Fig. 1 Concept of umpolung amine synthesis from imines.

Despite these recent advances we recognised that a direct method for the generation of ‘free’ α-amino radicals would offer a wealth of untapped synthetic potential. Our plan was to identify then develop a new reductive photochemical system that, directly from an in situ formed imine, would efficiently generate ‘free’ nucleophilic α-amino radical species capable of undergoing a range of carbon–carbon bond forming processes (Fig. 1). Through its modular design such a process would be useful for library and target synthesis alike and herein we wish to report our findings.

As a model reaction we chose the reductive coupling of benzaldehyde 1a, anisidine 2a and sulfone 3a.¹² Following a series of preliminary studies performed to identify new reactivity, Ru(bpy)₃Cl₂, [Ir(dF(CF₃)ppy)₂(dtbbpy)][PF₆] and [Ir(dtbbpy)(ppy)₂][PF₆], were found to efficiently promote the desired reaction in DMSO under blue LED light irradiation using Hantzsch ester as the terminal reductant. Pleasingly, the use of organic dyes such as eosin Y (EO) and rose bengal (RB) under green LED light irradiation, also promoted the desired reaction with similarly high yields. After further optimisation studies (see ESI†) the allylated product was isolated in 92% yield.

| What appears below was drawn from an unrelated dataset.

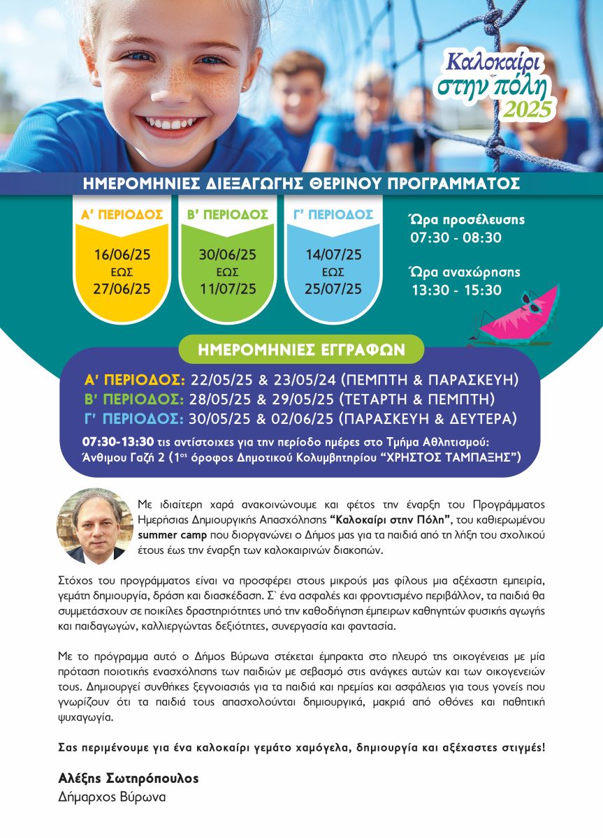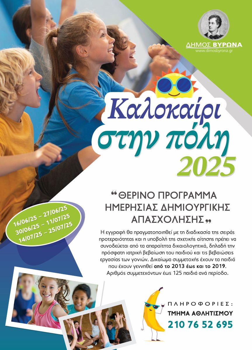 Σε λίγες μέρες ολοκληρώνεται η σχολική χρονιά και ο Δήμος Βύρωνας ετοιμάζει ένα θερινό πρόγραμμα δημιουργικής απασχόλησης για τους μικρούς δημότες, το «Καλοκαίρι στην πόλη 2025».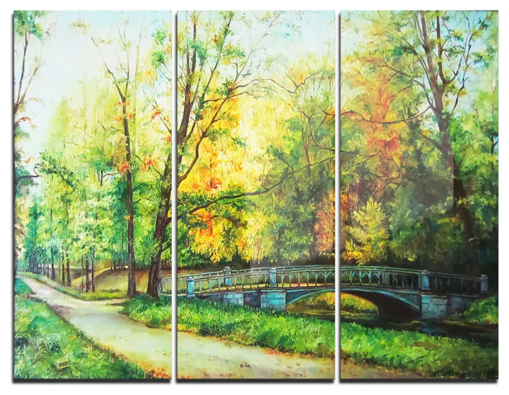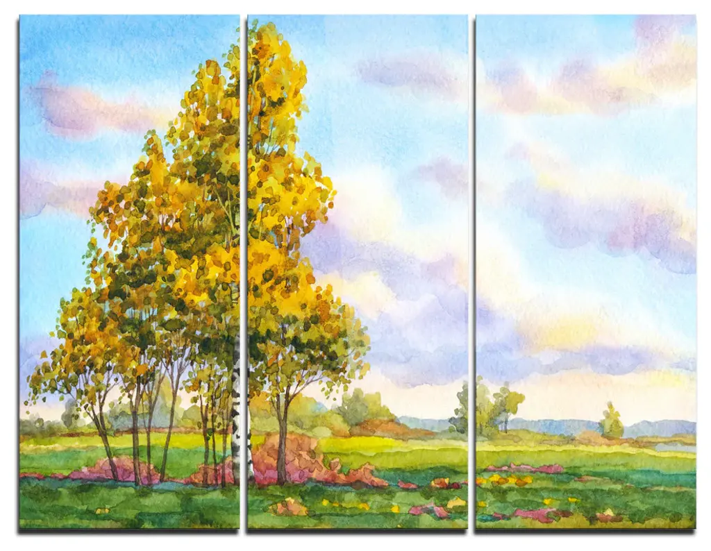 "Mountain Lake In The Fall" Glossy Metal Wall Art, 3 Panels, 36"x28"

The three-component reductive coupling reaction was found to tolerate a wide range of aromatic aldehydes to afford 4-amino 4-aryl-2-methylene carboxylic esters in very good yields typically within 12 to 15 hours (Table 1). The best results were achieved with electron rich aromatic rings such as p-methoxy phenyl (entry 3) or p-dimethylamino phenyl (entry 4). A wide range of ortho substituents such methyl (entry 9), bromine (entry 5) and fluorine (entry 6) were well-tolerated as well. Oxygen substitution in the ortho position (entries 7 and 8) increased the amount of competing reductive amination. For 2-methoxy substitution (entry 8) this problem could be circumvented by using more powerful LEDs (10 W) in place of normal green LEDs strip. This preferentially accelerated the productive three-component reaction resulting in enhanced product yield.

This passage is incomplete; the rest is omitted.